Most of the diners had gone. "We've been here an hour and 20 minutes and we're nowhere near ordering our desserts," I announced, calling for the plates to be taken away.
Eventually Dinah got caramelised rice pudding with roast quince. Sounds good. Tasted of nothing. "It could be porridge," observed Dinah. My dessert was floating island with creme anglaise and hazelnuts. It also tasted of very little.
A woman, who seemed to be the manager, said: "We can do 100 people comfortably."
I felt like saying: "What are you talking about! You can't even serve 12 people properly!" But I just paid. Joanna still had her coffee. "Can I bring it with me?" she asked. "Anything to get out," I muttered.
I doubt if anyone in history has written more about a hotel than I have concerning Sandy Lane in Barbados.
I've sent hundreds of people there, and been myself for the last 24 Christmases, not only paying full price but booking directly. That means the hotel doesn't have to pay a hefty travel agent commission. I've never had as much as a free cup of tea.

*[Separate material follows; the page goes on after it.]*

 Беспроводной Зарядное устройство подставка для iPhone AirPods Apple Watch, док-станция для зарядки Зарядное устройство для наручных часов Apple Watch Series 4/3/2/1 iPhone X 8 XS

So I was a bit surprised when their new chief executive, Michael Pownall, blew into London and didn't even phone me as his predecessors, and other hotel bosses, usually do. I'd never met him so I assumed the hotel's public relations group, Ann Scott Associates, would ask me to their party for him. They didn't. Apparently Ann Scott considered my visits to Sandy Lane were private. I'd say they're the most written about and publicised visits made by any hotel guest to any hotel in the world.

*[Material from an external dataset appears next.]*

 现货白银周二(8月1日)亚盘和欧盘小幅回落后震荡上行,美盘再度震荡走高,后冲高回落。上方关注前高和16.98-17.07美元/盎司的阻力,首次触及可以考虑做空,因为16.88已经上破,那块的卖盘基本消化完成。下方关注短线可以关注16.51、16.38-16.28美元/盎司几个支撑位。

But Ann did me a favour. I regularly bin invitations to press parties for hotels and restaurants. I'll be satisfied with attending any "do" given by Sandy Lane's principal owner, Dermot Desmond, the most charming of hosts. There, mercifully, no journalists are to be seen.
I totally agree with your opinion about the redecorated Dorchester Grill Room (Winner's Dinners, November 13). It's like a tackily themed Scottish restaurant. You'd expect it in Alton Towers or Disneyland, but not the Dorchester. Perhaps someone was flogging a job lot of cheap tartan in Oxford Street and the Dorchester manager thought: "What a great idea!" Luckily the Sultan of Brunei has enough money to redecorate it again. I hope he reverses this travesty!
Lynn Whittlesea, Berkshire
I had to laugh when you said last week you thought £75.38 was an expensive lunch for two. Please, please come over to Dublin and review some of our overpriced, overblown restaurants. It would thrill me to pieces if they were taken down a peg or two.
Olwyn Ni Chroinin, Dublin
They say money can't buy happiness. It seems it can't buy style either. Three thousand pounds for your jacket (Winner's Dinners, November 13) yet you and your companions still manage to look like a gang of plumbers on a golfing trip to the Algarve. I offer my apologies to plumbers.
Ian Bradwell, Kent
Are the managers of Glade blind, insane or just amateurish? In last week's photo the two waitresses had long, unkempt hair, which should have been tied back - and no arguments. I would find a lapse of that kind infuriating in the lowliest of greasy spoon cafes, let alone in Mayfair's finest!
Spencer May, Lancashire.
A brochure for the Salt House in St John's Wood mentioned pan-fried foie gras with mango tartlet. I phoned to book for the following day to be told foie gras was struck from the menu. The girl explained: "There are no mangoes." "Can I have foie gras by itself?" I asked. The girl retired, then returned and said: "Yes." When I arrived I said: "I've already ordered foie gras." "It's off," said the waitress."I was told I could have it without mango," I responded. I summoned higher authority. The manager, not a specimen whose looks or charm would cause the many attractive girls present to queue up, said: "We've not had foie gras on the menu for over a month." My irresistible force had come up against an immovable object.